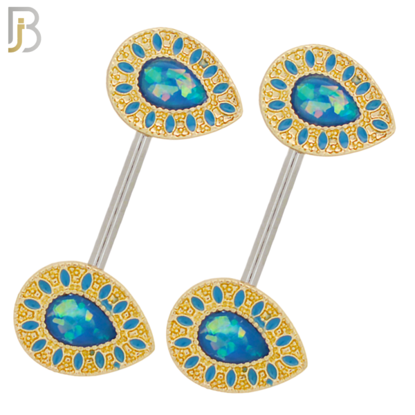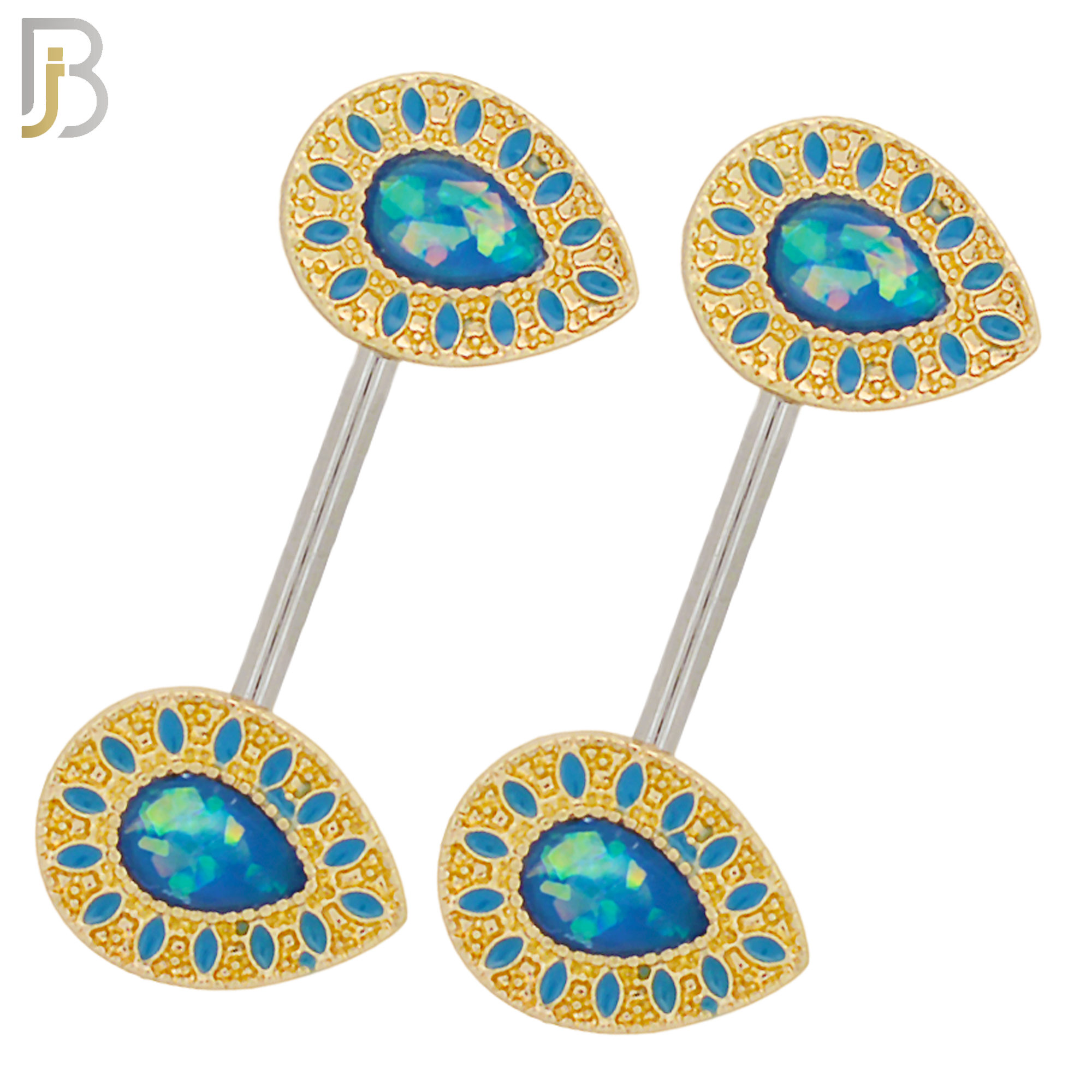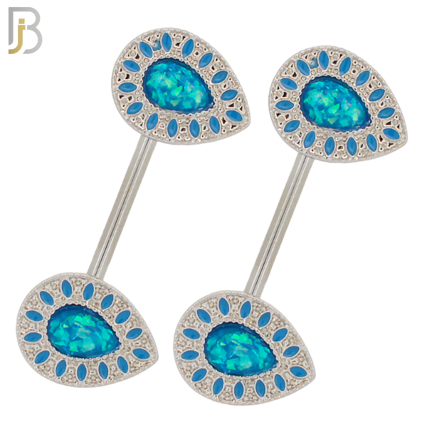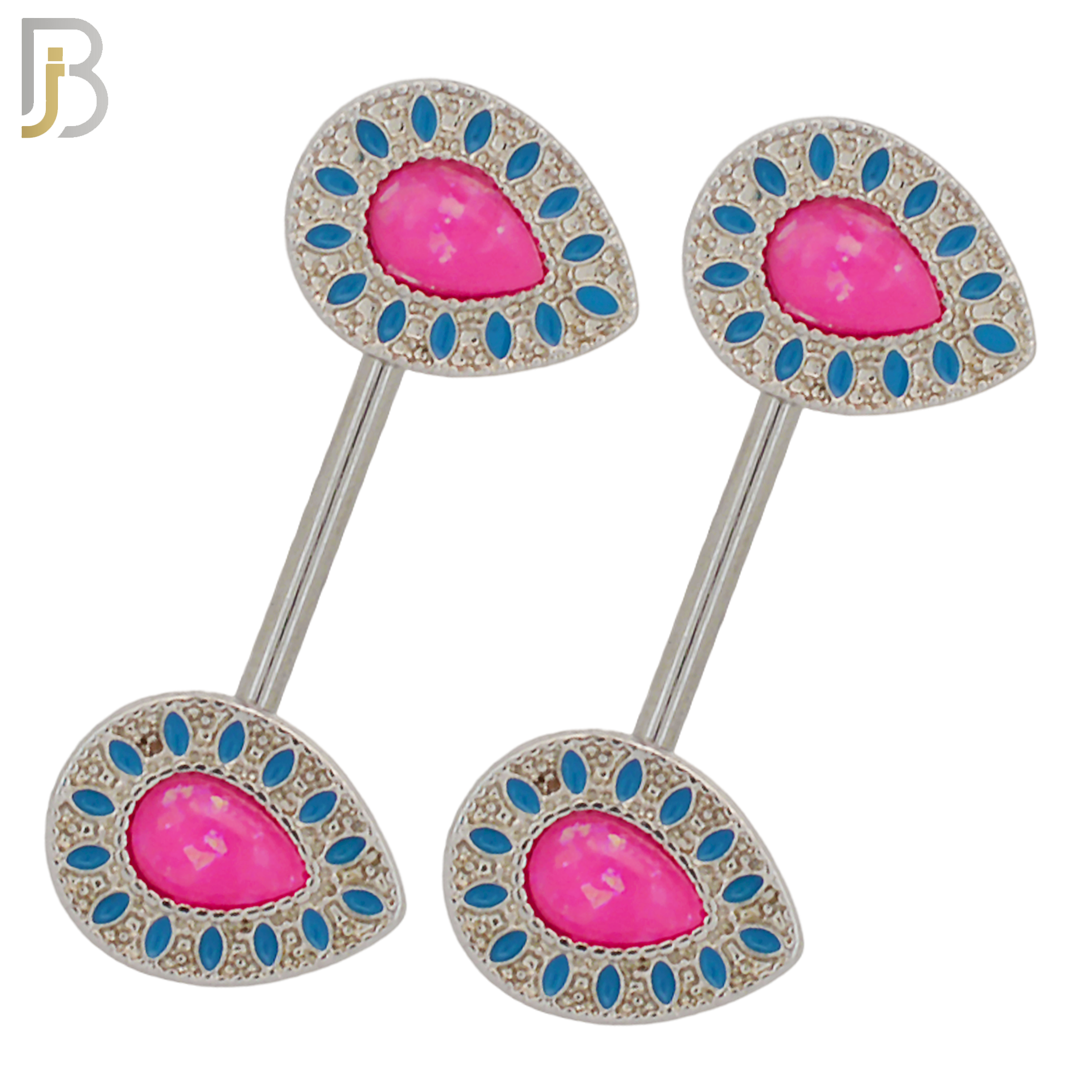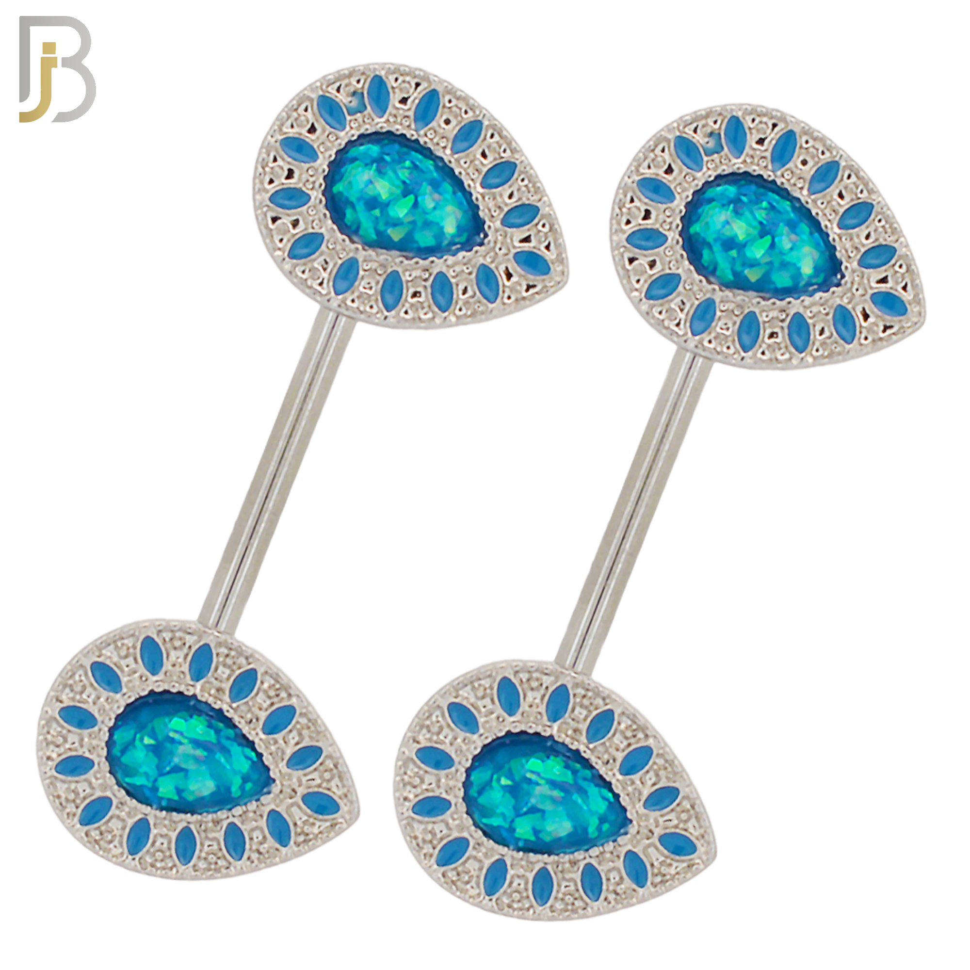 316L Surgical Steel Screw Teardrop Opal with Oval Enamel Nipple Ring Piercing
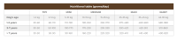 Bielkoviny 25,5 %; Oleje a tuky 13,5 %; Vláknina 2,0 %; Popol 6,5 %; Omega-3 0,4 %; Omega-6 1,4 %.
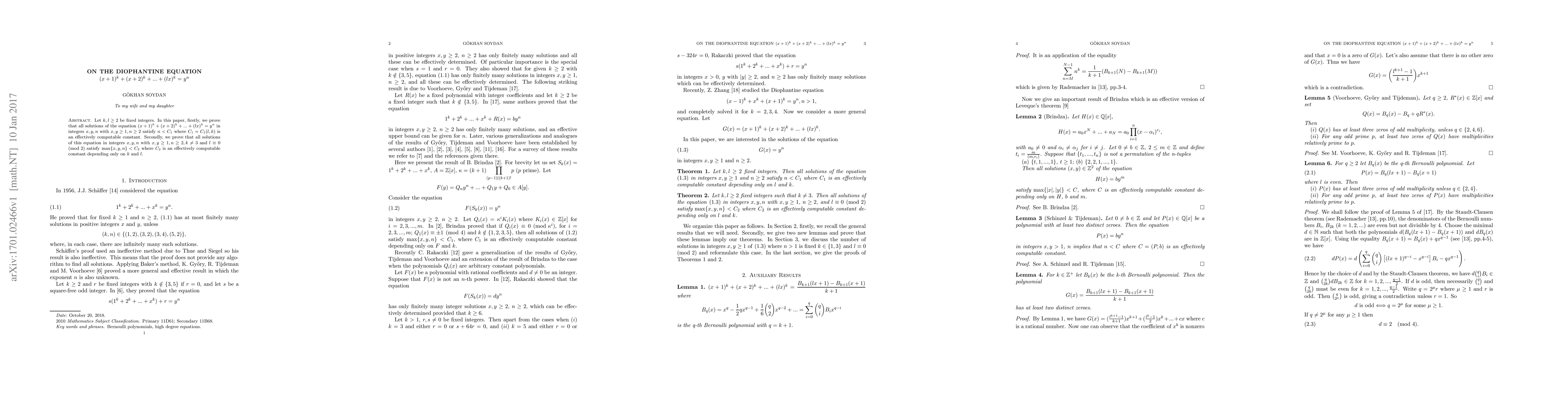This paper proves bounds for integer solutions of the Diophantine equation $(x+1)^{k}+(x+2)^{k}+...+(lx)^{k}=y^{n}$, showing that $n<C_{1}$ for any solution with $x,y\geq1$ and $n\geq2$, where $C_{1}$ is a computable constant. Additionally, for $k\neq3$ and $l\equiv0 \pmod 2$, it establishes $\max\{x,y,n\}<C_{2}$ with $C_{2}$ depending on $k$ and $l$.
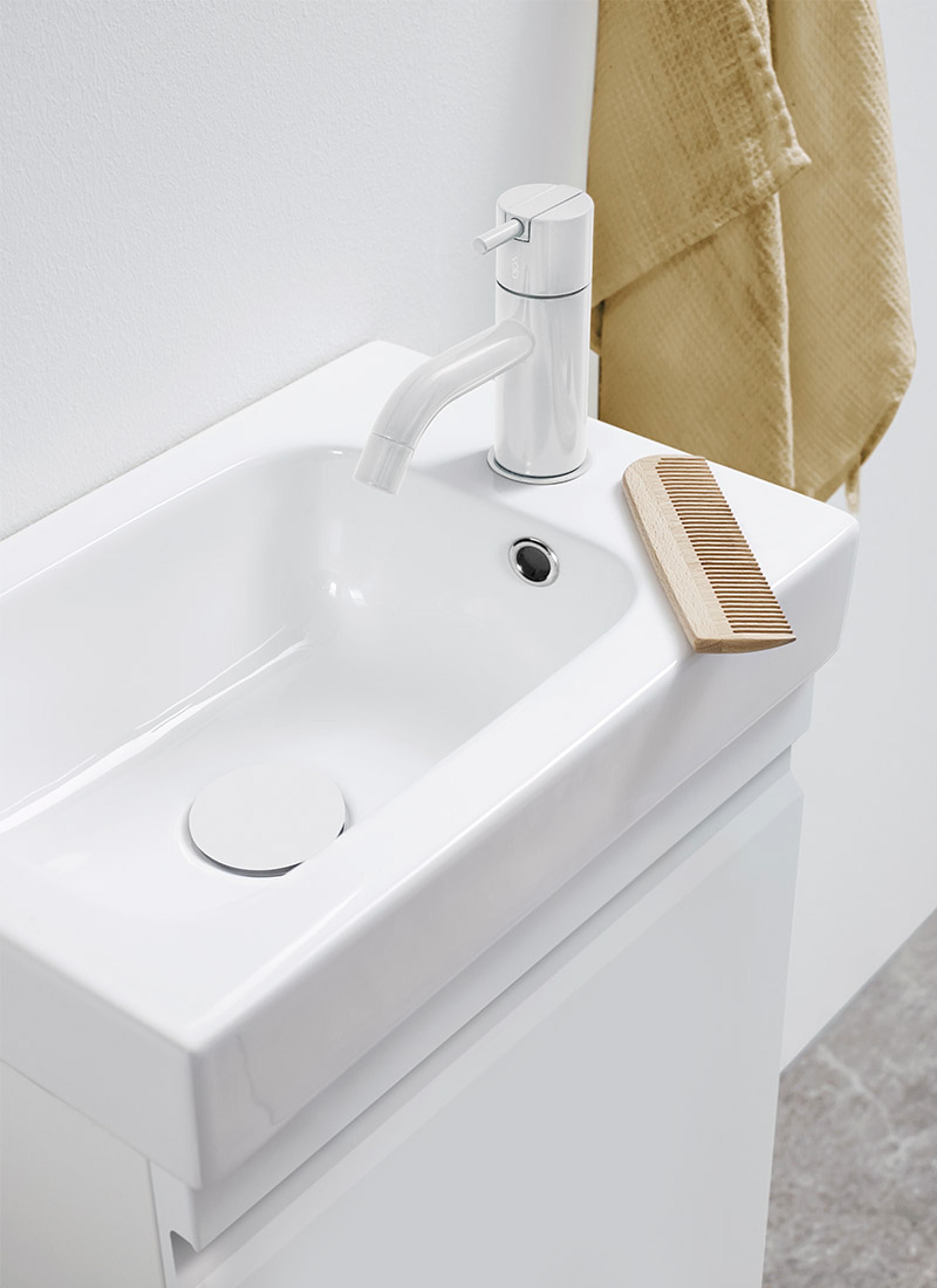 Smått og godt | Med den lille Micro Menuet-servanten fra Dansani med dybde på kun 27 cm, skaper du plass til oppbevaring på selv det minste baderommet eller gjestetoalettet
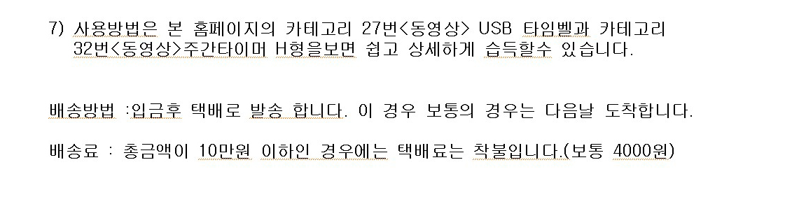 6) 사용방법은 본 홈페이지의 카테고리 27번<동영상> USB 타임벨과 카테고리 32번<동영상>주간타이머 H형을 보면 쉽고 상세하게 습득할수 있습니다.
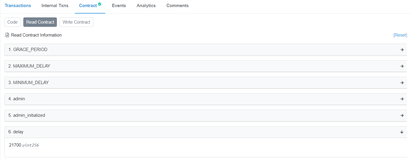 เราจะพบกับ Contract ชื่อ Timelock ให้เราหาฟังชั่น Delay ว่ามีค่าเท่าใดแล้วหารด้วย 3600 จะได้เท่ากับชั่วโมงของ Timelock
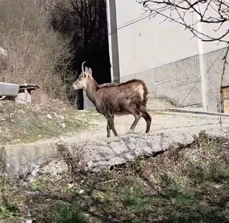 Планинска коза с интерес обикаляла край сградите посред бял ден, като някак иначе плашливият представител на вида се озовал на броени метри от родопчанина. Кадрите от срещата, заснети от Венцислав Странджалиев, са споделени в групата „Забелязано в Лъки“, като за броени дни събират хиляди положителни реакции.
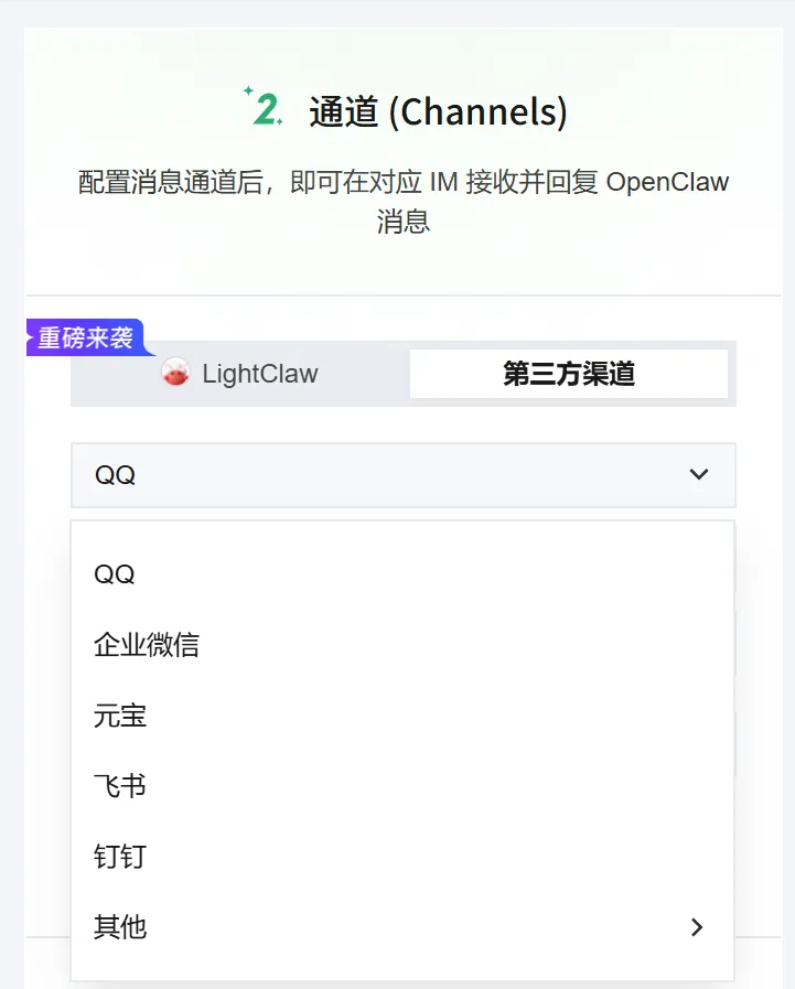 控制台一键接入(新手推荐):进入实例“应用管理”→“通道配置”→选择IM→按指引获取凭证并填写,点击应用即可。
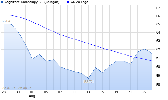 Mit dem Anstieg auf 61,53 EUR hat die Cognizant-Aktie am 25.08.2025 die 20-Tage-Linie nach oben gekreuzt.Die Cognizant-Aktie befindet sich seit dem 30.05.2025 im langfristigen Abwärtstrend und ...weiterlesen
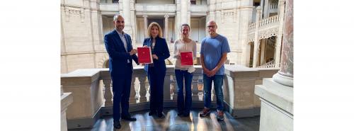 Steigen schneller aus der Kohle aus: (von links) Hannovers Oberbürgermeister Belit Onay, Enercity-Vorstandsvorsitzende Susanna Zapreva, Johanna Gefäller und Stephan Barlag (beide "hannover erneuerbar") Quelle: Enercity |
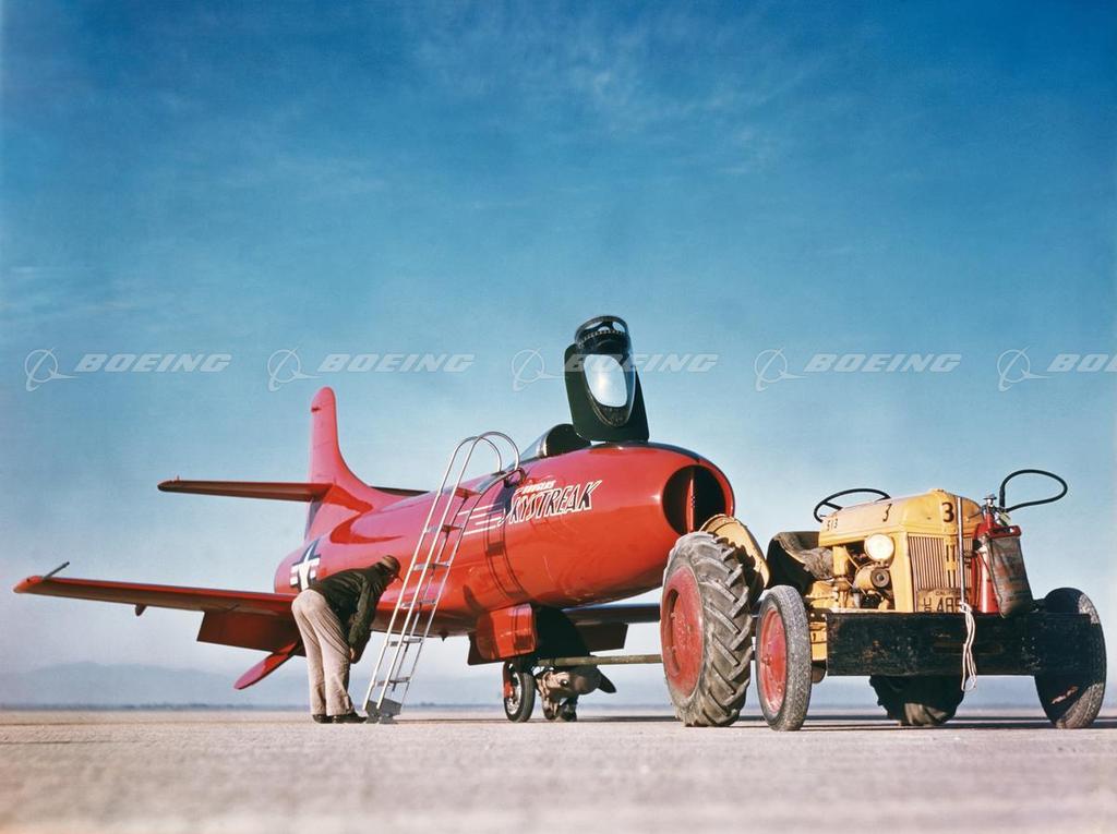D-558-1 Skystreak #1 with Tractor at Muroc Air Base
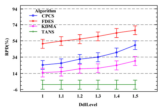 Figure 15 shows the results of the comparison of the RPD values for the total delay of the workflows under different deadline factors for four algorithms within the 95% Tukey HSD confidence interval. As the deadline factor increases, the RPD values of KDMA, CPCS, and FDES all show an upward trend. When , the RPD values of KDMA, CPCS, and FDES reach their maximum at 22%, 50%, and 64%, respectively. From the analysis above, it is evident that with changes in the deadline factor, either under tight or relaxed workflow deadline constraints, TANS shows better results compared to the other three algorithms, effectively reducing the total workflow delay by an average of 35%. Furthermore, when the deadline is tight, that is, , the total delay of the optimized scheduling scheme provided by TANS is approximately 14% lower than that of the initial scheduling scheme; when the deadline is more relaxed, that is, , it is about 22%.

.....

▶ Your assignment
What is needed is a verbatim transcription of the records, minus the pictures.

▶ Task result
 316L Surgical Steel Screw Teardrop Opal with Oval Enamel Nipple Ring Piercing
 Bielkoviny 25,5 %; Oleje a tuky 13,5 %; Vláknina 2,0 %; Popol 6,5 %; Omega-3 0,4 %; Omega-6 1,4 %.
This paper proves bounds for integer solutions of the Diophantine equation $(x+1)^{k}+(x+2)^{k}+...+(lx)^{k}=y^{n}$, showing that $n<C_{1}$ for any solution with $x,y\geq1$ and $n\geq2$, where $C_{1}$ is a computable constant. Additionally, for $k\neq3$ and $l\equiv0 \pmod 2$, it establishes $\max\{x,y,n\}<C_{2}$ with $C_{2}$ depending on $k$ and $l$.
 Smått og godt | Med den lille Micro Menuet-servanten fra Dansani med dybde på kun 27 cm, skaper du plass til oppbevaring på selv det minste baderommet eller gjestetoalettet
 6) 사용방법은 본 홈페이지의 카테고리 27번<동영상> USB 타임벨과 카테고리 32번<동영상>주간타이머 H형을 보면 쉽고 상세하게 습득할수 있습니다.
 เราจะพบกับ Contract ชื่อ Timelock ให้เราหาฟังชั่น Delay ว่ามีค่าเท่าใดแล้วหารด้วย 3600 จะได้เท่ากับชั่วโมงของ Timelock
 Планинска коза с интерес обикаляла край сградите посред бял ден, като някак иначе плашливият представител на вида се озовал на броени метри от родопчанина. Кадрите от срещата, заснети от Венцислав Странджалиев, са споделени в групата „Забелязано в Лъки“, като за броени дни събират хиляди положителни реакции.
 控制台一键接入(新手推荐):进入实例“应用管理”→“通道配置”→选择IM→按指引获取凭证并填写,点击应用即可。
 Mit dem Anstieg auf 61,53 EUR hat die Cognizant-Aktie am 25.08.2025 die 20-Tage-Linie nach oben gekreuzt.Die Cognizant-Aktie befindet sich seit dem 30.05.2025 im langfristigen Abwärtstrend und ...weiterlesen
 Steigen schneller aus der Kohle aus: (von links) Hannovers Oberbürgermeister Belit Onay, Enercity-Vorstandsvorsitzende Susanna Zapreva, Johanna Gefäller und Stephan Barlag (beide "hannover erneuerbar") Quelle: Enercity |
D-558-1 Skystreak #1 with Tractor at Muroc Air Base
 Figure 15 shows the results of the comparison of the RPD values for the total delay of the workflows under different deadline factors for four algorithms within the 95% Tukey HSD confidence interval. As the deadline factor increases, the RPD values of KDMA, CPCS, and FDES all show an upward trend. When , the RPD values of KDMA, CPCS, and FDES reach their maximum at 22%, 50%, and 64%, respectively. From the analysis above, it is evident that with changes in the deadline factor, either under tight or relaxed workflow deadline constraints, TANS shows better results compared to the other three algorithms, effectively reducing the total workflow delay by an average of 35%. Furthermore, when the deadline is tight, that is, , the total delay of the optimized scheduling scheme provided by TANS is approximately 14% lower than that of the initial scheduling scheme; when the deadline is more relaxed, that is, , it is about 22%.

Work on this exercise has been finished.